## Exercise directions:
Your task is to retype the lines from the opening of the material through the line that includes "Figure 2 – FIA hologram". Do not copy the pictures.
--- Recorded data Enclosed Below ---
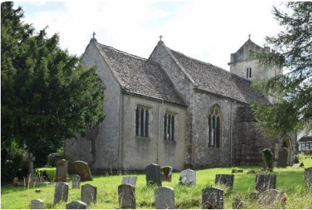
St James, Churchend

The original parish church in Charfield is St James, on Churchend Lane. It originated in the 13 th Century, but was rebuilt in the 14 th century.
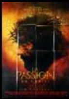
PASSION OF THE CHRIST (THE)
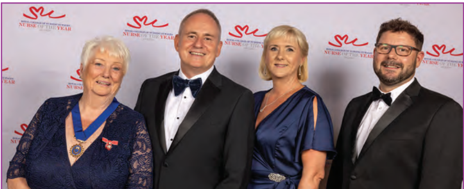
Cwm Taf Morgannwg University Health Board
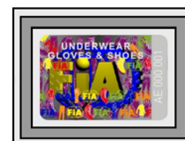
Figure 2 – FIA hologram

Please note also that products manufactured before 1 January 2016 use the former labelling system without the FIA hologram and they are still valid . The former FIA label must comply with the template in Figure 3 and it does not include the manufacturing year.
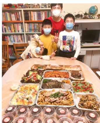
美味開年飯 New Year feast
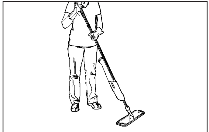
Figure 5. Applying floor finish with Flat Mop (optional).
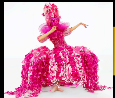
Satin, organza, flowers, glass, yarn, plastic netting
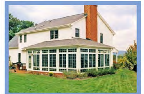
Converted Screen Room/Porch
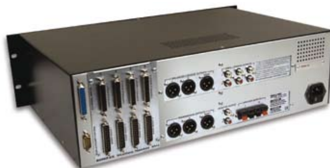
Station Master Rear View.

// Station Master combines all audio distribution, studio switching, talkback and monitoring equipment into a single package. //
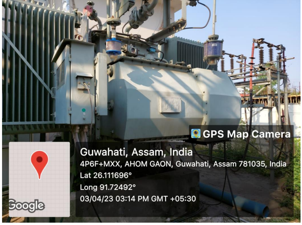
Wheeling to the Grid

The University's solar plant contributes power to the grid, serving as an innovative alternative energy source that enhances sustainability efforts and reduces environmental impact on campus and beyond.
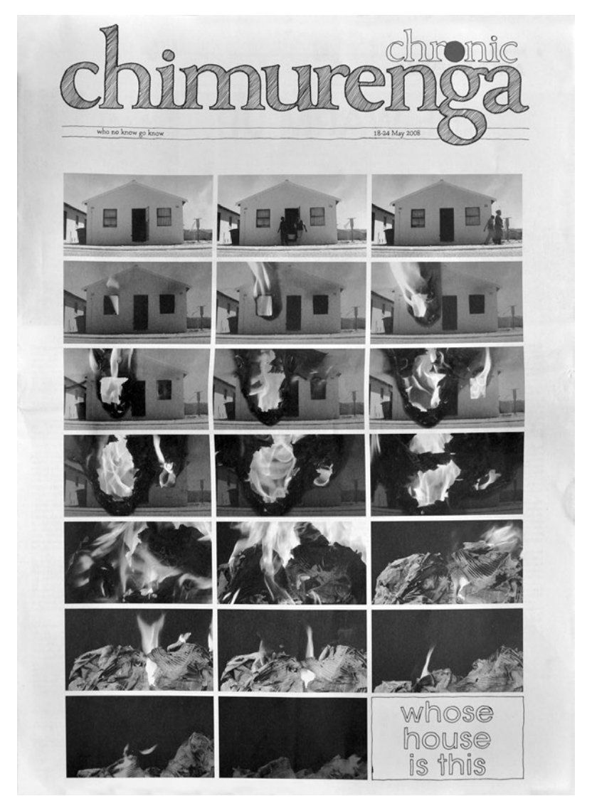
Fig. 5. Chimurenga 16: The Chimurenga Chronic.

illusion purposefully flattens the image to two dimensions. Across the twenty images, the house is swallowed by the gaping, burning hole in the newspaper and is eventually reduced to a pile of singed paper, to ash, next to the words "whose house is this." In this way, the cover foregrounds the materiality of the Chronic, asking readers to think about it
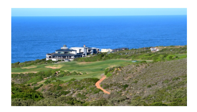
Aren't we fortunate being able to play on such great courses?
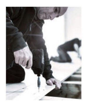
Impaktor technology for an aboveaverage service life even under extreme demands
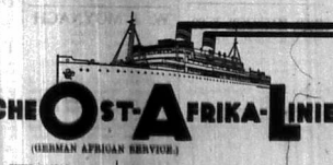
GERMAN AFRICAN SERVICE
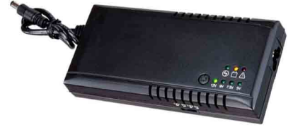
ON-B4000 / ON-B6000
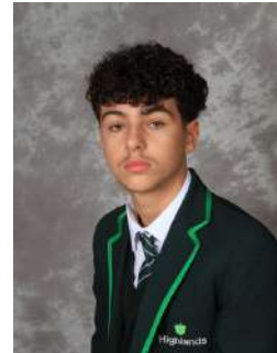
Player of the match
--- End of Enclosed Recorded data ---
## Written solution:
St James, Churchend

The original parish church in Charfield is St James, on Churchend Lane. It originated in the 13 th Century, but was rebuilt in the 14 th century.
PASSION OF THE CHRIST (THE)
Cwm Taf Morgannwg University Health Board
Figure 2 – FIA hologram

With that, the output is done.